Required work
An exact restatement of the entire listing is needed, excluding all images.
[Material supplied]
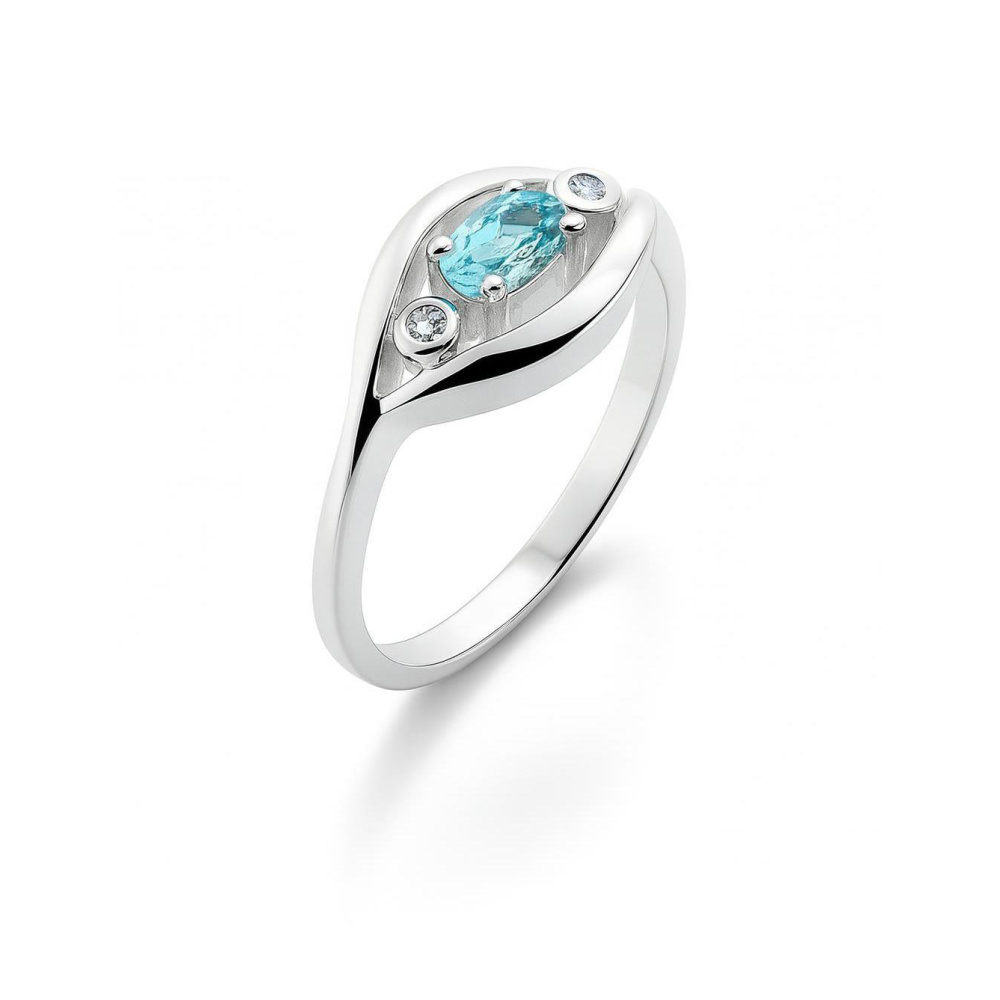 Bague Argent 925 Topaze bleue traitée, modèle fantaisie serti d'une pierre ovale de 5x3mm et de deux petites pierres
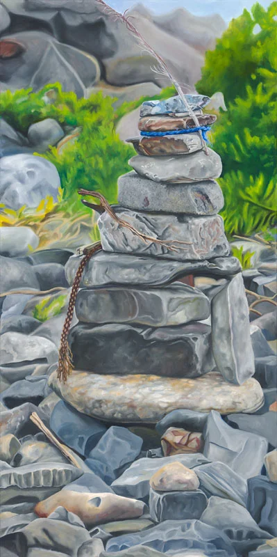 I explore notions of place and time by distilling observed land and skyscapes into oil paintings. Complementing the paintings are intimate mix media pieces constructed with copper, bones, wood, found, and crafted objects. Their themes of home and identity have a foundation in Classical and Roman Catholic mythology, literature and poetry, and the natural world.
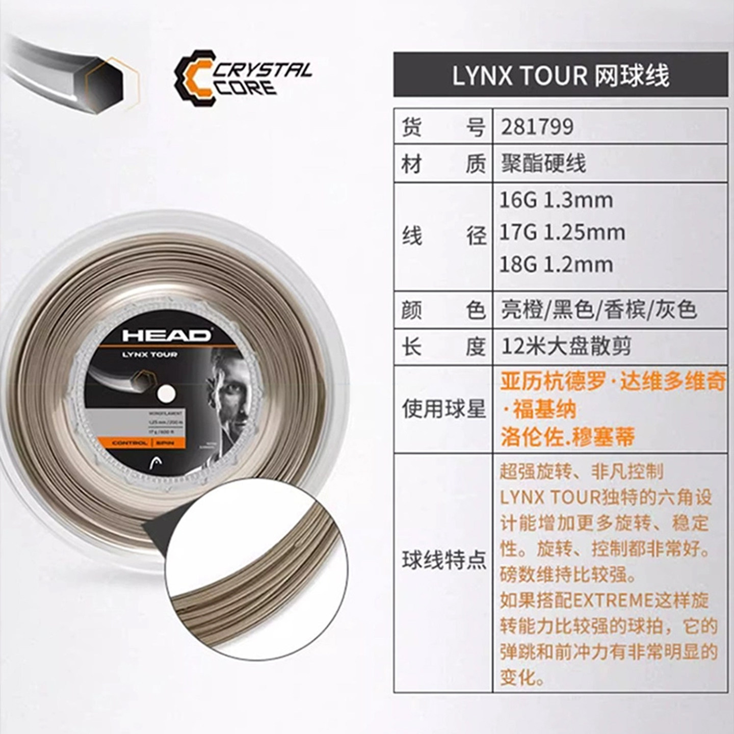 📚 Head海德网球线LYNX TOUR 六角聚酯硬线高端网球线专业球拍线耐打
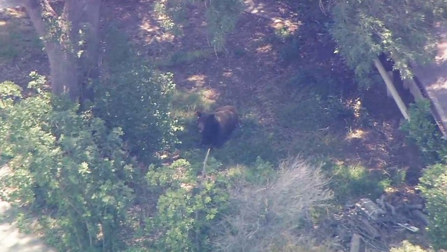 Police said its helicopter overhead may have caused the bear to go back into the woods, but the animal was later spotted under the shade of a tree near some homes.
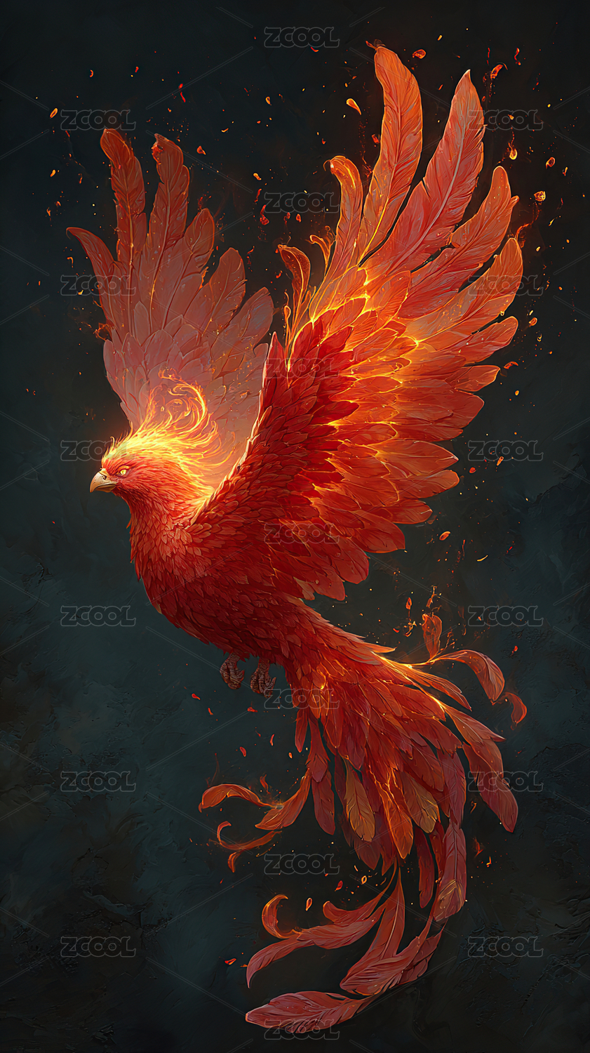 中国古代神话凤凰神兽国潮风格节日艺术背景
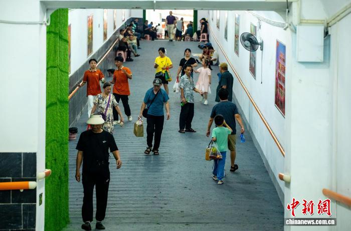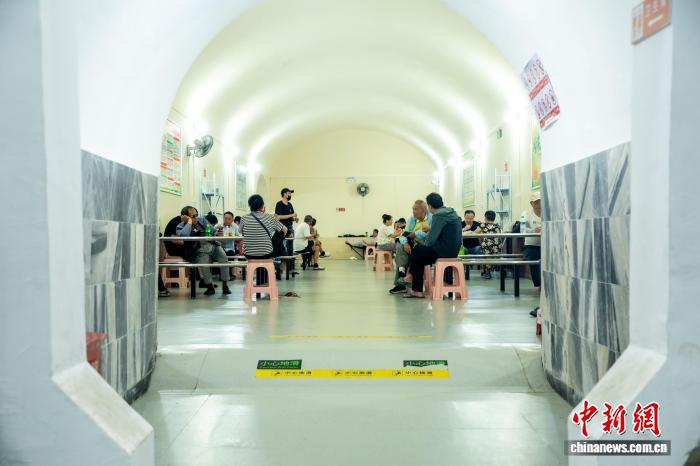 8月5日,市民在武昌蛇山人防工程纳凉点内纳凉。中新社记者 张畅 摄
[/Material supplied]
Task response
 Bague Argent 925 Topaze bleue traitée, modèle fantaisie serti d'une pierre ovale de 5x3mm et de deux petites pierres
 I explore notions of place and time by distilling observed land and skyscapes into oil paintings. Complementing the paintings are intimate mix media pieces constructed with copper, bones, wood, found, and crafted objects. Their themes of home and identity have a foundation in Classical and Roman Catholic mythology, literature and poetry, and the natural world.
 📚 Head海德网球线LYNX TOUR 六角聚酯硬线高端网球线专业球拍线耐打
 Police said its helicopter overhead may have caused the bear to go back into the woods, but the animal was later spotted under the shade of a tree near some homes.
 中国古代神话凤凰神兽国潮风格节日艺术背景
 8月5日,市民在武昌蛇山人防工程纳凉点内纳凉。中新社记者 张畅 摄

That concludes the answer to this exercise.